Poucos leitores pegam um romance, especialmente um thriller, esperando um guia. Eles querem ser varridos pelo enredo e caráter; a configuração da história é geralmente uma reflexão tardia. Os romancistas, no entanto, sabem melhor. A melhor ficção é fundamentada, tornada real, por seu senso de lugar.
Então a questão não é, cadáver?
É, ao contrário, que registros?
Os amantes da música em todo o mundo ficaram chocados em dezembro passado quando a Opéra National de Paris e a Biblioteca Nacional da França anunciaram uma grande descoberta: uma cápsula do tempo, retirada de um subsolo do Palais Garnier, também conhecido como Opéra. Cuidadosamente embalado dentro de duas grandes urnas de metal não era apenas um fantasma da ópera, mas muitos - 24 discos de gramofone com artistas mortos há tanto tempo como Nellie Melba, Adelina Patti, Emma Calvé e Enrico Caruso. Em 1907, os discos foram sepultados, como os amantes de Aida, sob um grande monumento arquitetônico.
Embora eu seja um amante da música, eu não estava entre os atordoados, pois, em 1987, eu havia redescoberto a sala onde os registros haviam sido guardados em cache. Várias histórias subterrâneas, muito abaixo da agitação do tráfego na Place de l'Opéra, avistei uma porta de metal com uma placa empoeirada que precisava ser limpa e iluminada antes de ser lida. "Dom de M. Alfred Clark, 28 de junho de 1907", dizia em francês. "A sala em que estão contidos os registros de gramofone." Eu a encontrei acidentalmente, mas reconheci imediatamente - não por razões musicais, mas por razões literárias.
Na época, eu estava envolvido em dois projetos relacionados: uma biografia de Andrew Lloyd Webber, cujo cenário sensacional de O Fantasma da Ópera foi a palestra de Londres por um ano e, para a revista Vanity Fair, um artigo que contou com a participação de Sarah. Brightman, Christine original do Fantasma (e a então Sra. Andrew Lloyd Webber), posando em caráter ao redor do Palais Garnier, onde o romance é ambientado e onde a companhia de ópera encenou suas produções de 1875 até a abertura da Opéra de la Bastille em 1989.
O Garnier, agora usado em grande parte para o balé, é um dos grandes edifícios do mundo. Sim, o compositor Debussy a assemelhou a um cruzamento entre uma estação de trem e um banho turco, mas continua sendo uma das mais ousadas e elegantes representações de uma confiança perdida da Europa Ocidental no poder de sua arte.
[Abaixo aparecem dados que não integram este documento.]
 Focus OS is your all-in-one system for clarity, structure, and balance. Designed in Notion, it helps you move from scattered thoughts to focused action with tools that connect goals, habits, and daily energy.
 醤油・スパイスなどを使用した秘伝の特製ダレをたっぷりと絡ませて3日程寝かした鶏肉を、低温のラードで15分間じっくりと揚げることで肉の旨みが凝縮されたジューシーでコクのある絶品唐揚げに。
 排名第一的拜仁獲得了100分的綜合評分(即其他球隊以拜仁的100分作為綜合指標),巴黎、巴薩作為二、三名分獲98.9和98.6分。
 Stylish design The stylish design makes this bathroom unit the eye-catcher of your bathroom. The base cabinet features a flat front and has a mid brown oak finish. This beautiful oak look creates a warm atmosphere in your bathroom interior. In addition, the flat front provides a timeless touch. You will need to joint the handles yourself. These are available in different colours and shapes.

Como um templo secular, pode ser comparado à catedral de Notre Dame, não muito longe; se as grandes catedrais góticas são "sinfonias em pedra", então Garnier é nada menos que Fausto de Gounod.
Mais precisamente, é como descrito por Leroux em seu romance, desde a pichação no telhado dos "ratos" brincalhões (bailarinos aprendizes) até o corpo subterrâneo de água, cinco andares abaixo da rua, que aparece tão proeminentemente em Fantasma É por isso que, quando espiei a porta de metal, soube imediatamente o que era. Tendo acabado de reler o romance, liguei instantaneamente os registros fonográficos enterrados de Leroux à inscrição da placa.
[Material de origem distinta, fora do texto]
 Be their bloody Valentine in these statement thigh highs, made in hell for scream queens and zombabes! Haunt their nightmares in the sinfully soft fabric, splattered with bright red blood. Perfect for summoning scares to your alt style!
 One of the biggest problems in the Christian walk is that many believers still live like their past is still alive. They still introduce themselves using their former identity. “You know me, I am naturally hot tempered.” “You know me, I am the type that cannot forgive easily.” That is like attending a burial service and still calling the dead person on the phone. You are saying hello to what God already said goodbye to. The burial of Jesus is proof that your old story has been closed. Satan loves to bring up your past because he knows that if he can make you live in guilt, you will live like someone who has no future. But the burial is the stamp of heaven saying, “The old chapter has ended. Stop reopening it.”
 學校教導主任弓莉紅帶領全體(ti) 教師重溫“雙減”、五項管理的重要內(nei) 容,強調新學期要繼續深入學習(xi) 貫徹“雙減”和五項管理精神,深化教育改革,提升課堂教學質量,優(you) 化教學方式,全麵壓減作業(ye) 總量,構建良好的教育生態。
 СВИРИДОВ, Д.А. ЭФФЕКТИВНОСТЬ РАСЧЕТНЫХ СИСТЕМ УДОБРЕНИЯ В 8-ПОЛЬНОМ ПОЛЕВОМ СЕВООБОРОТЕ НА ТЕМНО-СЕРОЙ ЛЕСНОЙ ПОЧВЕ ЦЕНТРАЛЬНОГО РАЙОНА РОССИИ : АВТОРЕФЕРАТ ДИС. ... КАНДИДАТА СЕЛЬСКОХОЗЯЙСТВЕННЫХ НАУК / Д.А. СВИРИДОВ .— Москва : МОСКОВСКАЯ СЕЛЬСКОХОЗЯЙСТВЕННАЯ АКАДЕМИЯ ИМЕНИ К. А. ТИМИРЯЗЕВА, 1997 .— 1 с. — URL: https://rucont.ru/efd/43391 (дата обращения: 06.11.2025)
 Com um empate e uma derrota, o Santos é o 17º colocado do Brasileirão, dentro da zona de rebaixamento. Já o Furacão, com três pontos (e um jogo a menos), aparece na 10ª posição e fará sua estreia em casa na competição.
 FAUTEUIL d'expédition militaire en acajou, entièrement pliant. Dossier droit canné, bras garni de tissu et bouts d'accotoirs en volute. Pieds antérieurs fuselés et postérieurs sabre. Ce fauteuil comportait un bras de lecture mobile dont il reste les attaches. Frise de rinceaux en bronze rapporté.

Mais tarde, na biblioteca da companhia de ópera na Rotonde de l'Empereur, perguntei a Martine Kahane, então bibliotecária-chefe, se ela sabia da sala. Ela não. Ela só podia me dizer que Clark (1873-1950) era um pioneiro americano na transição de cilindros de cera para discos que administravam os escritórios da Gramophone Company em Paris. E então eu relatei minha descoberta em vários lugares, incluindo o artigo da Vanity Fair, que apareceu em fevereiro de 1988, e na minha biografia de Lloyd Webber, publicada em 1989. "Ninguém sabe ao certo o que há nesta sala", escrevi em Andrew Lloyd Webber: Sua Vida e Obras, "mas parece que o local onde [o Fantasma] morreu ... é uma cápsula do tempo, que não deve ser aberta até 2007" que provavelmente "contém uma amostra representativa das mercadorias da [Clark] empresa do período ".
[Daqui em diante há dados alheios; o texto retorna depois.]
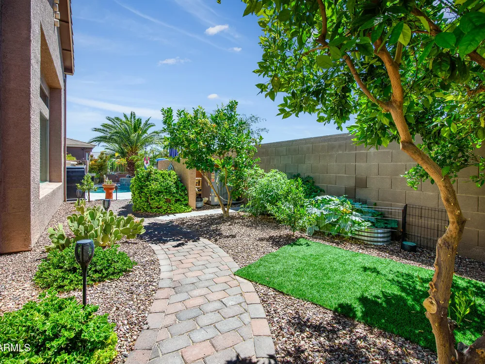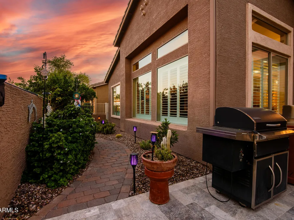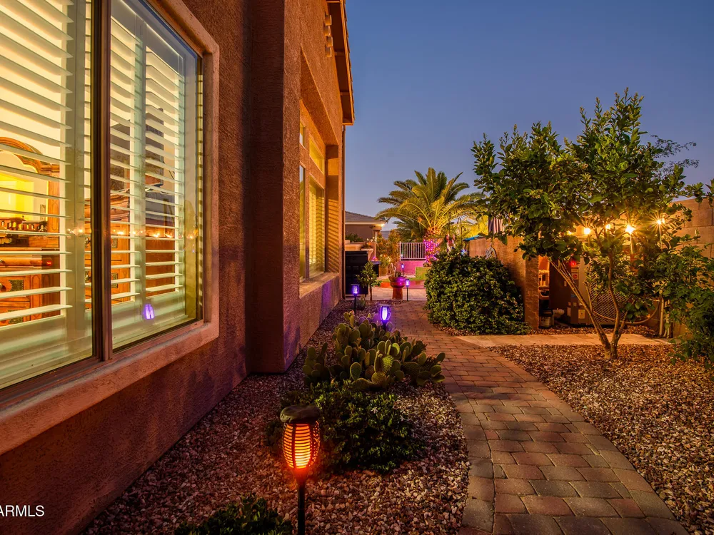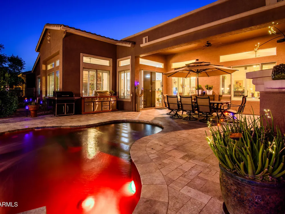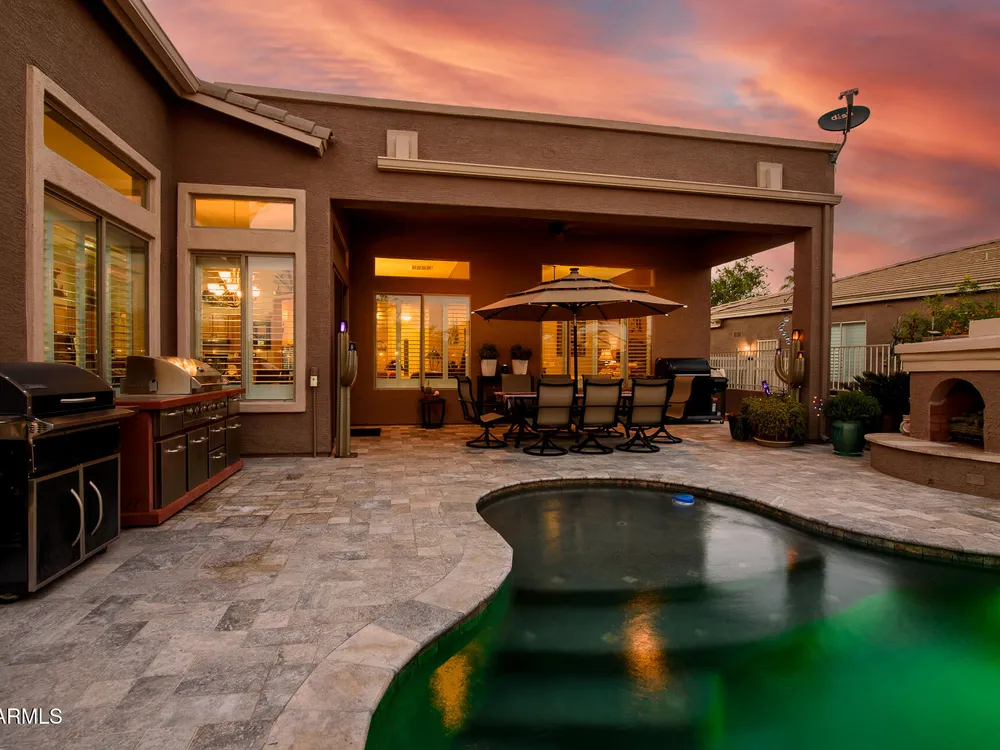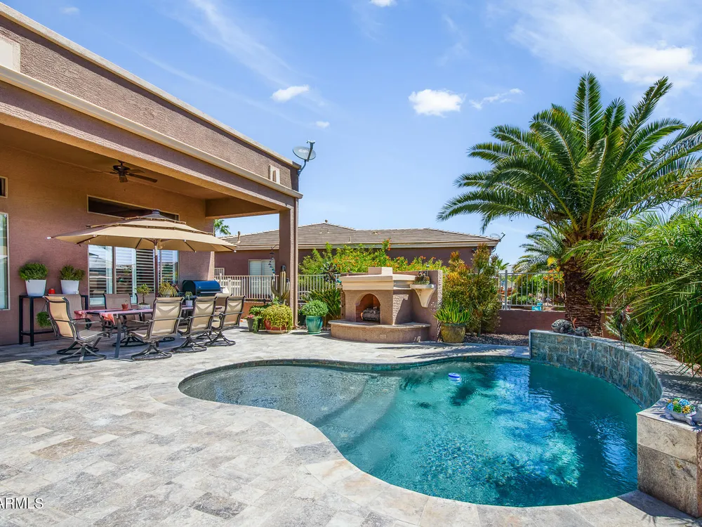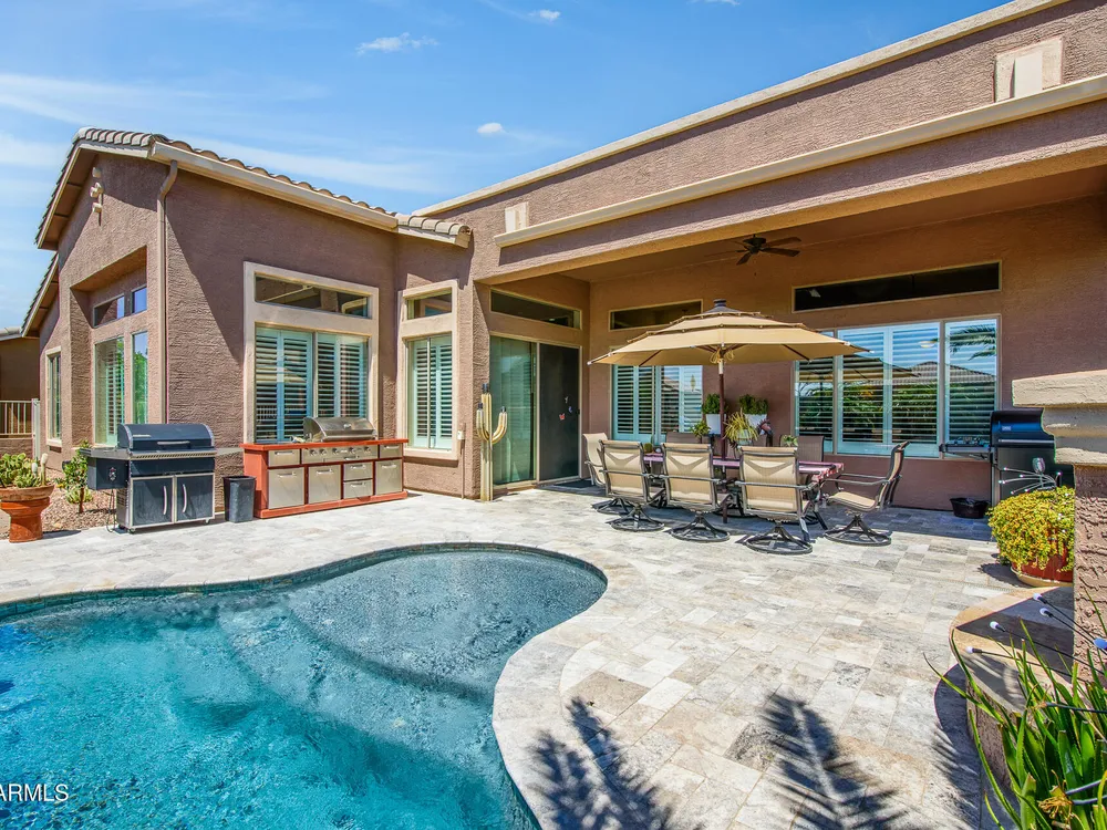 This beautifully designed home in the 55+ Guard-Gated Community of Province will capture your attention from the moment you arrive, with elegant desert landscaping and a welcoming brick-paver courtyard. Inside, soaring 14' ceilings and a decorative entry medallion set the tone for the upscale finishes throughout. The spacious primary suite spans the entire left side of the home and features his and her closets, a glass block walk-in shower, dual sinks, and a garden tub. The gourmet kitchen boasts hickory cabinets, granite countertops, wall ovens, a center island, built-in desk, and a walk-in pantry—all open to the inviting family room with direct access to the backyard. Additional spaces include a formal dining room, a decorative half bath, a versatile den currently used as a bedroom, and a guest bedroom with a private en-suite bath. Step outside to your private backyard oasis with a covered patio, heated and cooled pool, a cozy gas fireplace, and lush landscaping with a desirable south-facing orientation. All of this in the 55+ guard gated lake community of Province; where you can fish in the lakes, walk on one of the 5 miles of walking paths throughout the community, practice your putting, play a game of pickleball or tennis is nothing short of "retiring like you mean it!" To wrap it all up, inside the 32,000 square foot club house, you have a fitness center, lap pool, library, billiards room, ceramic, sewing, and computer center besides the quaint, gorgeous outdoor pool for perfect solitude or fun gatherings with friends and family. Resort-style living at its finest!

Com vários outros críticos de música, pedi à companhia de ópera para abrir a sala, caso os discos de gramofone, ou o que quer que estivesse nela, precisasse urgentemente de preservação. Kahane nos disse que o presente de Clark veio com condições - uma delas era que a sala não seria aberta até 2007 - e que as condições seriam observadas.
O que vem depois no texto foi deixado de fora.